(Material provided Opens)
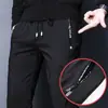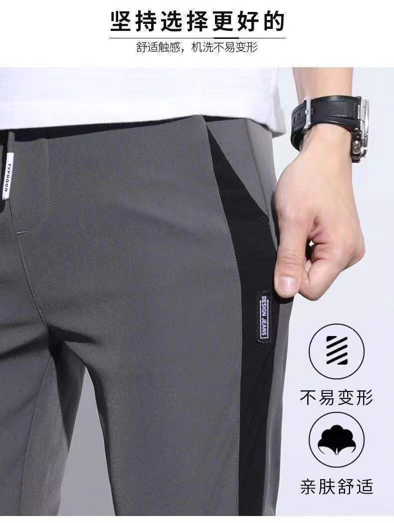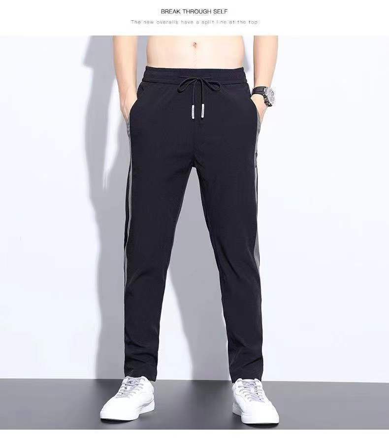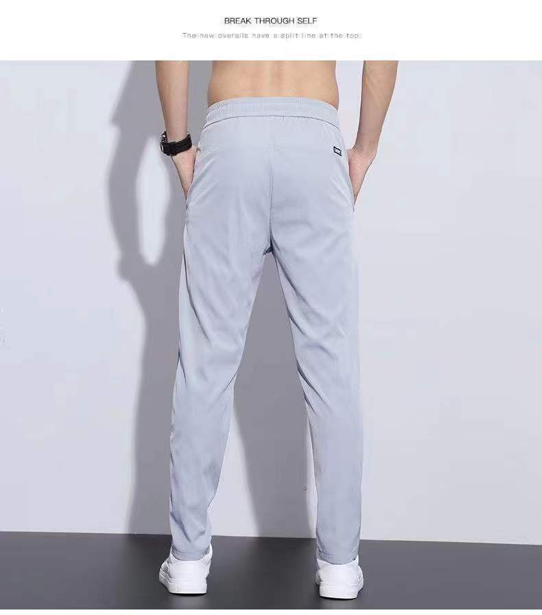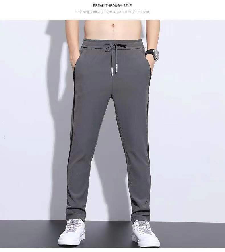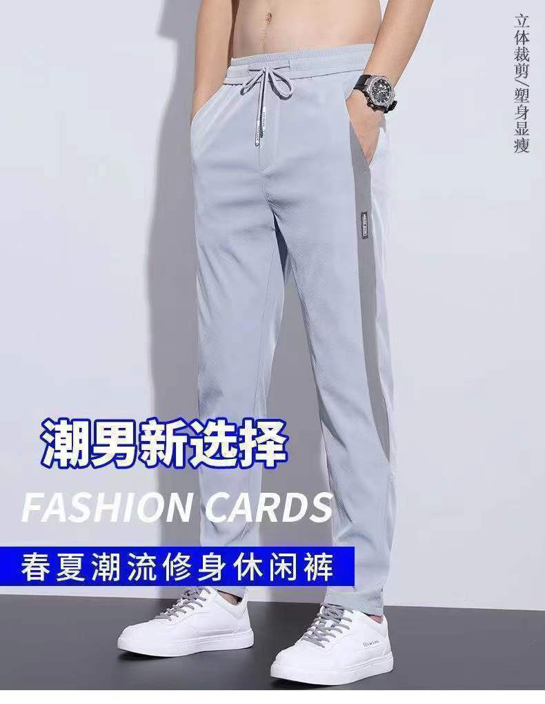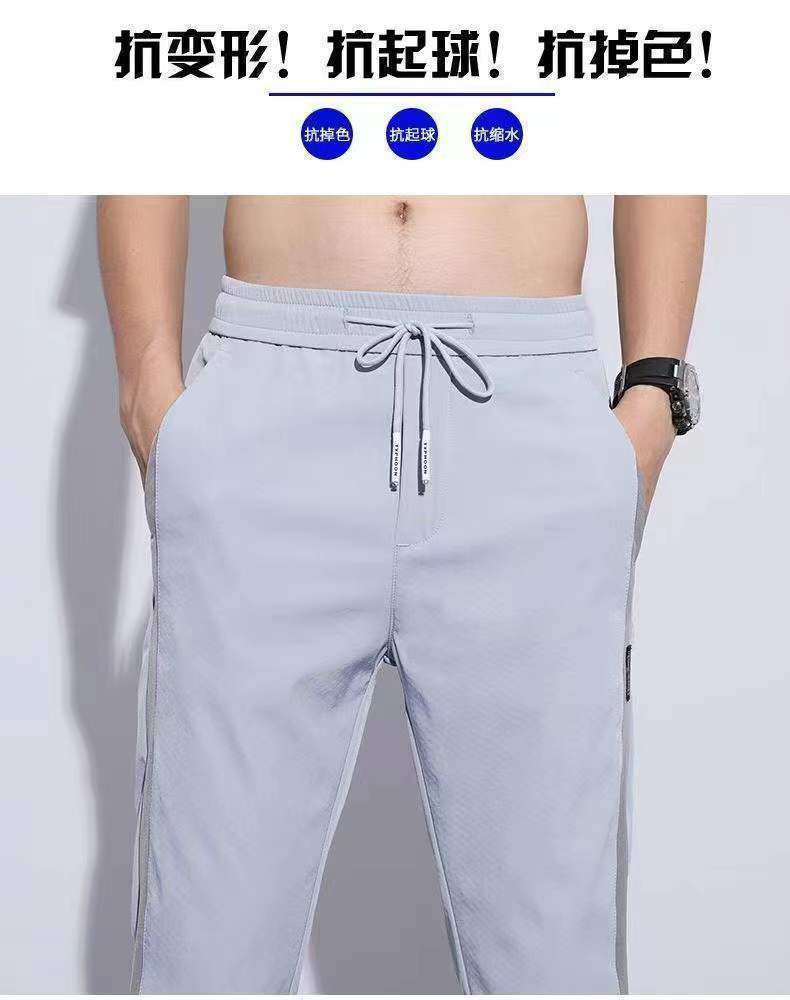 Pantalones casuales de seda fina de hielo para hombre, pantalones rectos de talla grande con costuras, pantalones ajustados coreanos, nuevos de verano
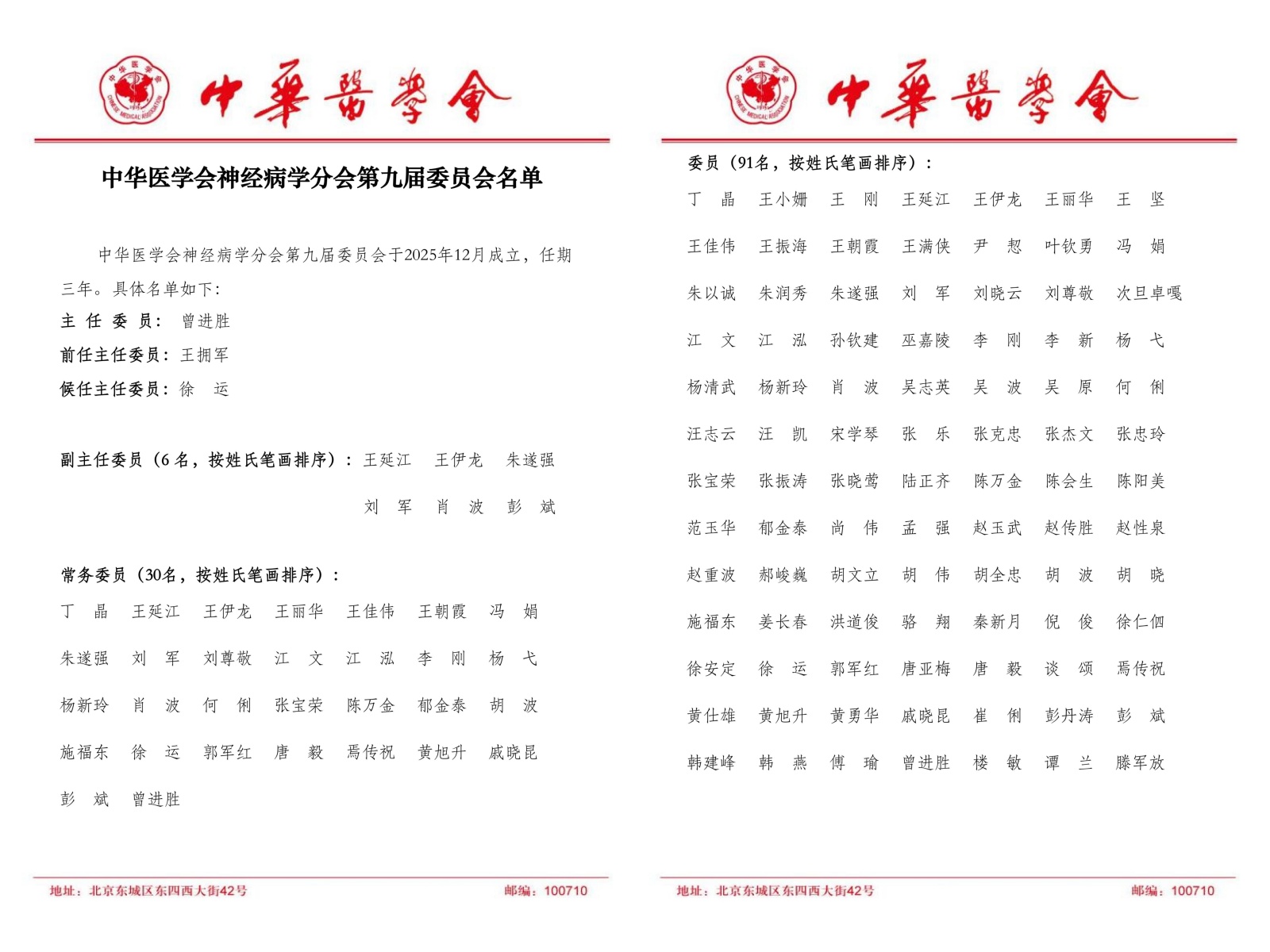 近日,中华医学会神经病学分会完成第九届委员会换届选举,中南大学湘雅三医院院长、神经内科专家江泓教授当选为常务委员。这一荣誉不仅是对江泓教授深耕神经病学领域多年所获成就的高度认可,也彰显了中南大学湘雅三医院神经内科学科建设的显著成效与重要进展。
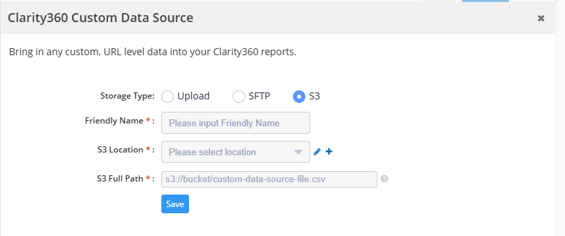 - Storage Type: Choose whether to attach a file, or source from an S3 Bucket or SFTP Location.
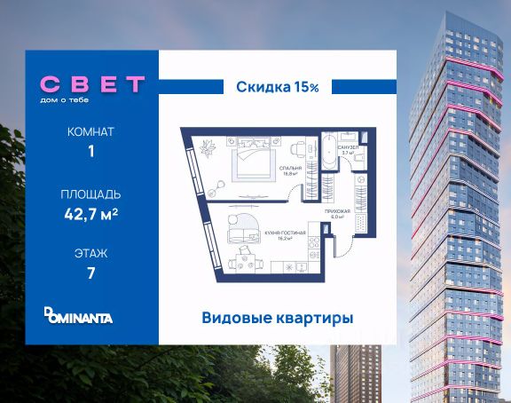Продаётся 1-к квартира 47 кв.м. на 3-м этаже 51 этажного дома. Без отделки. Срок сдачи: 1 кв. 2028 г. Жилой комплекс "СВЕТ" — воплощение современного комфорта и архитектурного изящества, созданное девелопером Dominanta в сотрудничестве с известным бюро СПИЧ. Комплекс представляет собой элегантное 52-этажное здание, расположенное в Западном Дегунино, на Дмитровском шоссе, 83А. Удачное местоположение обеспечивает удобство для жителей: станция метро "Селигерская" находится в пешей доступности, что делает путь в центр Москвы быстрым и комфортным. Транспортная доступность: - 5 минут пешком до станции метро "Селигерская" - 15 минут на машине до ТТК - 16 минут на транспорте до станции МЦД "Моссельмаш" Квартиры бизнес-класса в ЖК "СВЕТ" сочетают функциональность и эстетическое совершенство. Панорамные окна наполняют жилые пространства естественным светом и открывают захватывающие виды на мегаполис. Каждый житель дома получит доступ к бесплатной клубной инфраструктер SocialHUB. Для бизнес-задач и запуска личных проектов хоум-офис c рабочими станциями, переговорными и креативной студией. Для отдыха и формирования новых социальных связей ивент-пространство, которое подойдет для вечеринки, кинопоказа или паблик-тока. Для новых побед зоны для занятия киберспортом. И главное SocialHUB полностью бесплатен для жителей, все расходы на его содержание покрываются застройщиком. Территория проекта "СВЕТ" включает несколько сценарных зон: ландшафтный парк с шаговой тропой, спортивная зона, открытый амфитеатр, двухуровневая детская площадка, уличные рабочие станции и беседки для отдыха. Сложный рельеф с искусственными холмами и живыми изгородям позволяет эффективно разделить пространство на активные зоны и уединённые "кабинеты" для работы, отдыха или медитации. В ЖК "СВЕТ" каждый найдет арену для своей энергии. Для любителей динамичных игр — павильон для падел (модного микса тенниса и сквоша). Рядом — площадка для стритбола и столы для пинг-понга, где можно устроить соседский турнир! И, конечно, абсолютный мастхэв — зона воркаут для функциональных тренировок под открытым небом. У входа в жилой комплекс гостей встречается арт-объект, разработанный Студией Артемия Лебедева. Его мягкий, волнообразный силуэт напоминает разлитый свет. С заходом солнца арт-объект оживает благодаря светоотражающим материалам его форма становится динамичной и задает настроение всему пространству.
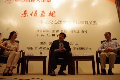2013年5月26日下午,由复旦心理研究中心主办的复旦心理大讲堂第4期“亲情真相——从进化心理学看当代家庭关系”在复旦大学逸夫科技楼顺利举行。现场座无虚席,来自于政府、企业、学术科研单位等各界人士,共计450多人出席了本次活动。本期大讲堂由香港中文大学教育心理学系主任张雷教授作主题演讲,复旦大学心理学系主任、复旦大学心理研究中心主任孙时进教授作主题回应,由复旦大学心理学系博士田芊主持。
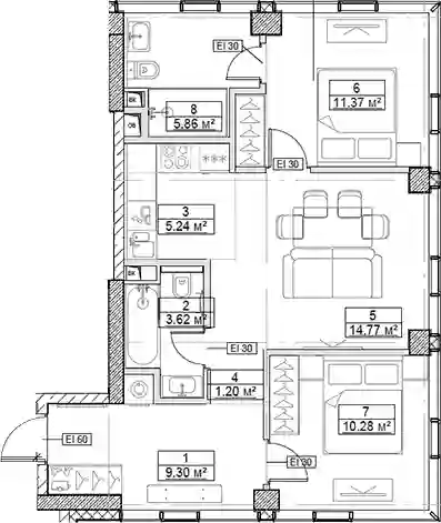 24 126 698 ₽3-к.квартира, 61.8 м², 8 эт.
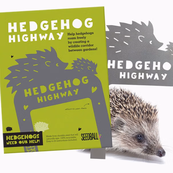 Steel sign and template for creating a 13 x 13cm hedgehog corridor between gardens. Attach to a fence (or any other barrier in a garden) and cut a corridor for hedgehogs to move between gardens. Easy to install instructions included.
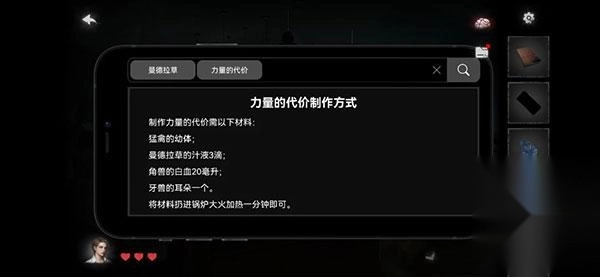 16、按照搜索到的方法,在吧台上调配出“力量的代价”,让男人喝下后,就能获得“掉头”效果。
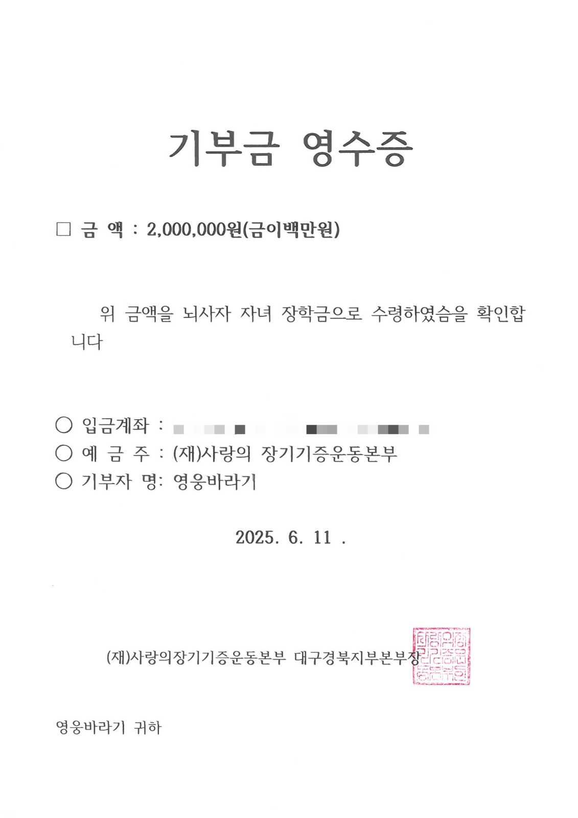 임영웅 팬클럽 대구·포항 영웅시대 영웅바라기는 임영웅의 생일(6월 16일)을 기념해 지난 11일 (재)사랑의장기기증운동본부 대구경북지부에 뇌사자 자녀 장학금 200만 원을 기부했다.
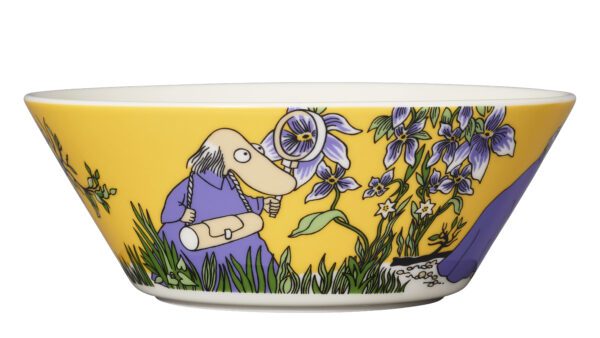 Fin skål i gult med Hemulen där han ses i skogen letandes okända växter.
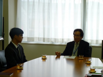 9月14日、大学院工学研究科博士前期課程社会システム学専攻にスパナット・ティアンヒランさんが入学し、学長室において学生と森島学長他7名の先生方との懇談会を行いました。
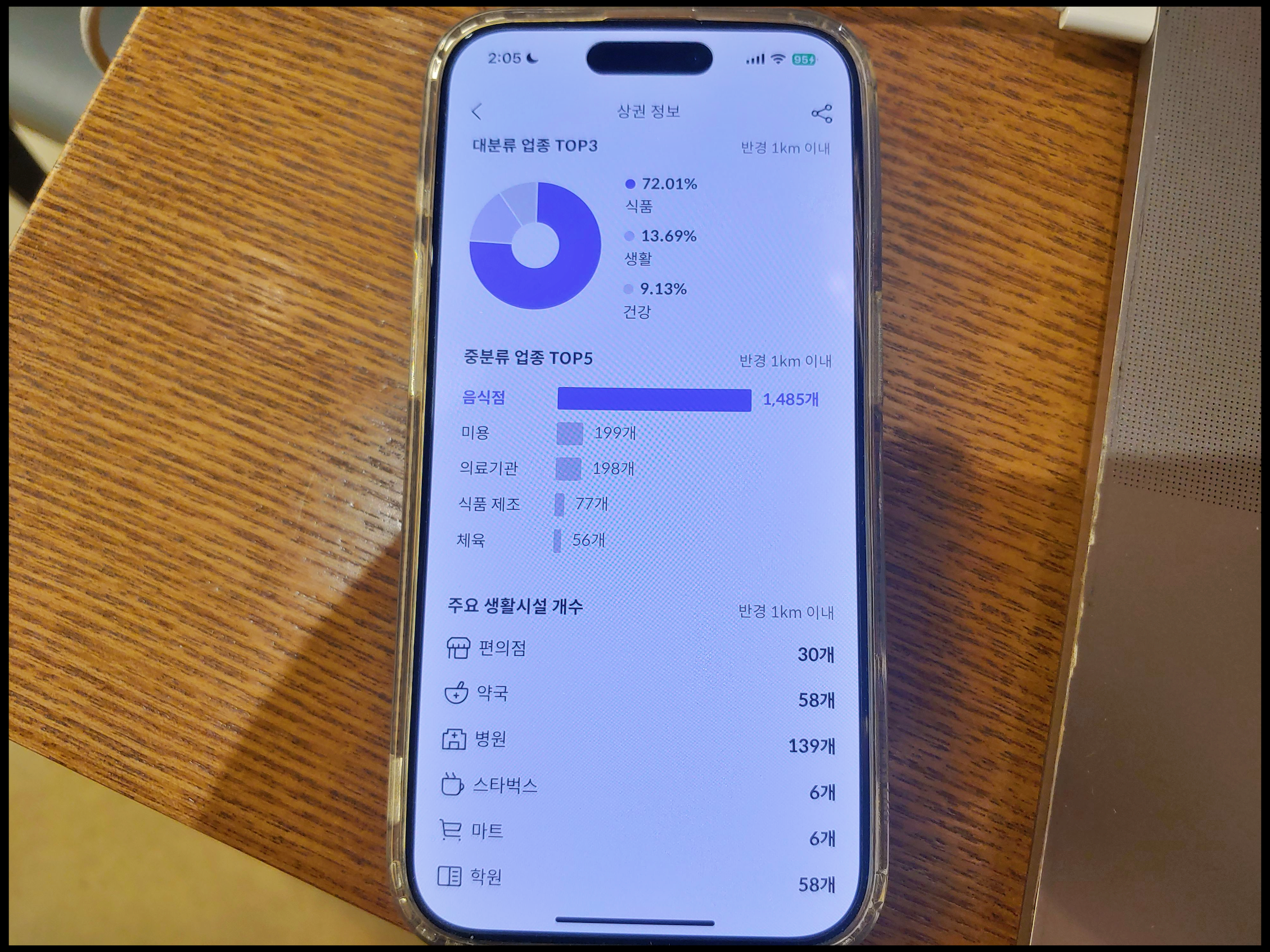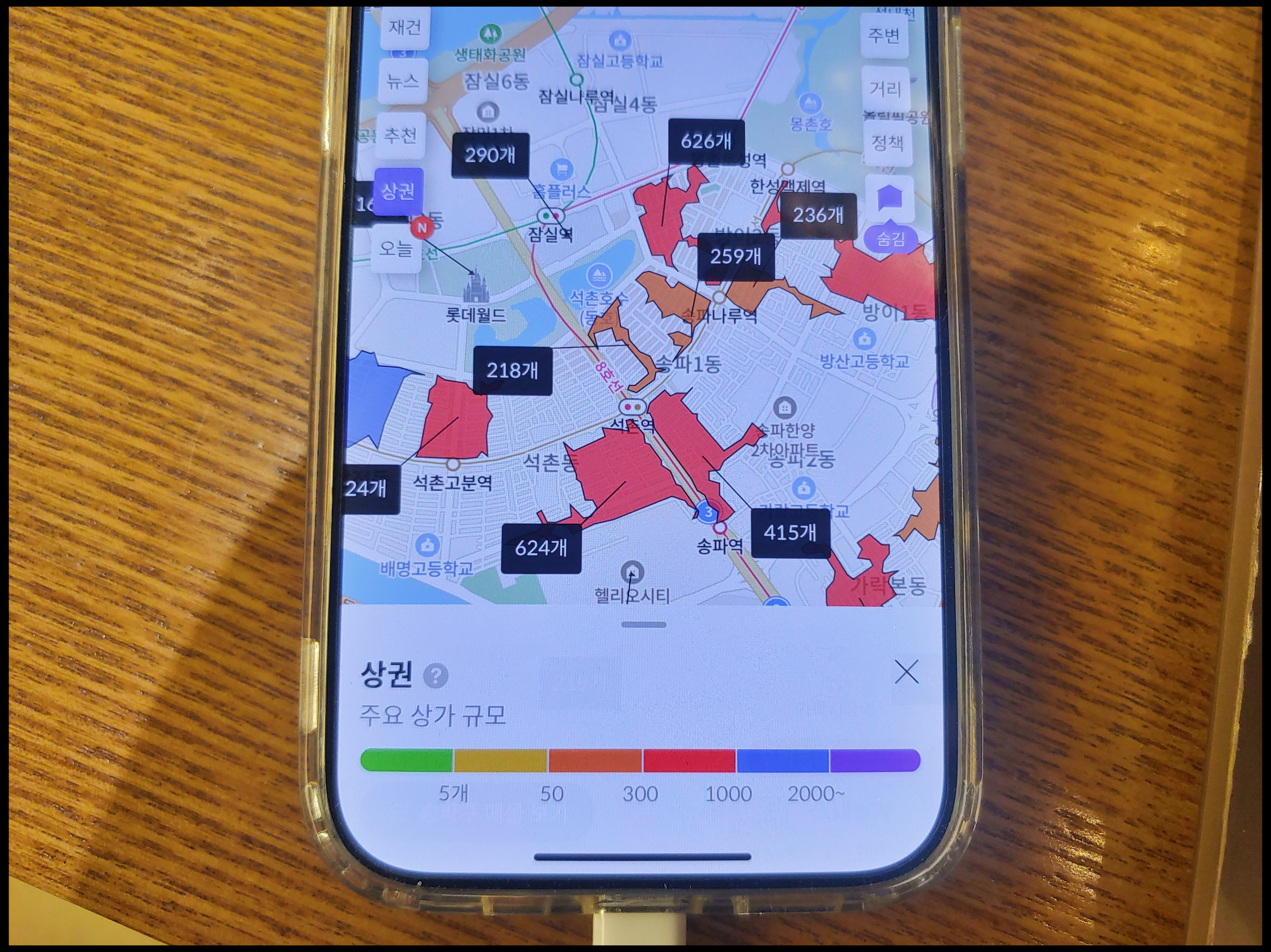 [사진 = 잠실 래미안 아이파크 상권 좋은 이점에 대해서는 두말 할 필요하지 않아도 됩니다. 한마디로 강합니다. 잠실역 일대 포함하여 가깝게 도달할 수 있는 상권이 많고 또 많습니다. 반경 1km 이내 도달 가능한 음식점 1,485개로서 많은 편입니다. 스타벅스가 6개인 것도 이점입니다. 스세권 선호하는 분들에게 플러스 요소입니다. (C) 호갱노노 앱]
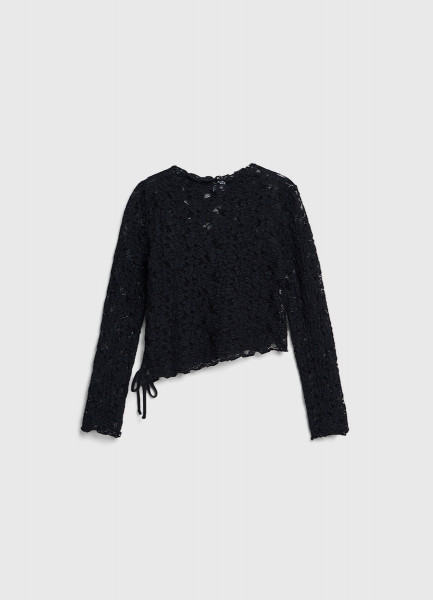 Кружевной лонгслив с завязками для девочек, Черный
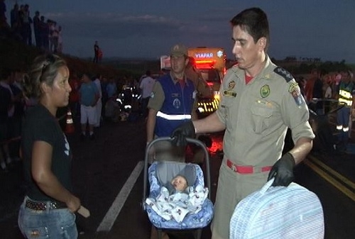 No acidente que mãe (53 anos) e filha (35) morreram, nesta quinta-feira à noite, na PR-317, perto de Ivailândia (Engenheiro Beltrão), uma cena comoveu a todos. Um bebê de um mês de vida saiu ileso. Ele estava no carro de Campo Mourão, o mesmo das duas vítimas. Na foto, a criança é socorrida pelo comandante do Corpo de Bombeiros, Leandro Calegari.
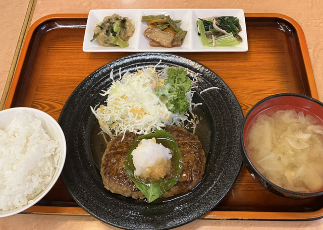 和風ハンバーグ定食990円。(映画の半券で-100円)2回目の来店です。店内の雰囲気は入りやすく席も広くすごく良いのですが、今回のハンバーグは私にはしょっぱすぎました。ハンバーグの和風ソースやサラダのドレッシングが別がけなら良いのに…とかなりがっかりしてしまいました。体力仕事や部活後の若者以外はみんなしょっぱいと思うと思います。ハンバーグは柔らかめで大きくて、歯が弱くても食べられると思います。また、白米は気持ち柔らかめなのでやっぱり気持ち高齢者の方向けなのかなあ…。本当にしょっぱかった。同行者に食べてもらってなんとか完食。量多めです。同行者のトンカツは美味しかったので、そちらの方がおすすめです。
(Material provided Closes)
**Aim of the task**
Although pictures appear among the records above, none are to be output; print exactly the lines from the line containing "近日,中华医学会神经病学分会" through the line containing "- Storage Type: Choose".

**Output below**
 近日,中华医学会神经病学分会完成第九届委员会换届选举,中南大学湘雅三医院院长、神经内科专家江泓教授当选为常务委员。这一荣誉不仅是对江泓教授深耕神经病学领域多年所获成就的高度认可,也彰显了中南大学湘雅三医院神经内科学科建设的显著成效与重要进展。
 - Storage Type: Choose whether to attach a file, or source from an S3 Bucket or SFTP Location.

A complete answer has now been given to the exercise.